Lucas was a mechanically inclined artist, but a bit of an untested autodidact when he set out to make “Star Wars.” As he told J.W. Rinzler in the author’s definitive “The Making of Star Wars:”
“I learned everything I could about special effects in school. I got the books and read everybody. But I hadn’t worked very extensively with special effects and optical problems, and there aren’t that many people around who know this kind of stuff anymore.”
With Trumbull out of the picture, Lucas turned to Dykstra and conveyed his vision of a rollicking mainstream entertainment featuring state-of-the-art space skirmishes. “More than anything else, he wanted to get fluidity of motion,” said Dykstra, “The ability to move the camera around so that you could create the illusion of actually photographing spaceships from a camera platform in space.” Lucas gave Dykstra a visual illustration of what he wanted by showing him an eight-minute clip reel (cut down from 20-plus hours of footage) of aerial combat from black-and-white war flicks. “I would have the plane going from right to left,” said Lucas, “And a plane coming toward us and flying away from us, to see if the movement would generate excitement.”

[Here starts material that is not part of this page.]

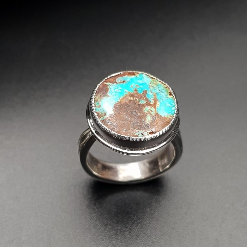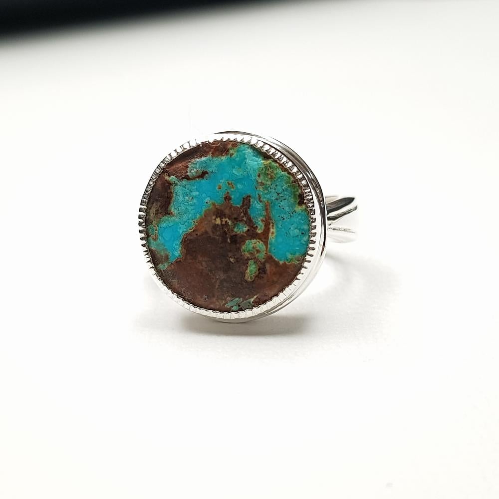 خاتم فيروز طبيعي نيشابوري فضة عيار 925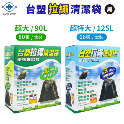 台塑 拉繩 清潔袋 垃圾袋 盒裝 彩盒 超特大 / 超大 黑色 125L / 90L 66張 / 80張

Dykstra knew exactly how to do this. He just needed the go-ahead to build the camera that could pull it off. The technology was called “motion control,” and the Death Star trench run wouldn’t exist without it. Bringing it into existence was the trick.
Lucas is both a control freak and a homebody. Given his druthers, he’d probably never leave the San Francisco Bay Area. Unfortunately, Dykstra couldn’t envision getting his motion control camera up to speed outside of Southern California. Lucas reluctantly trusted his newfound collaborator, and let him set up a laboratory in an abandoned Van Nuys warehouse.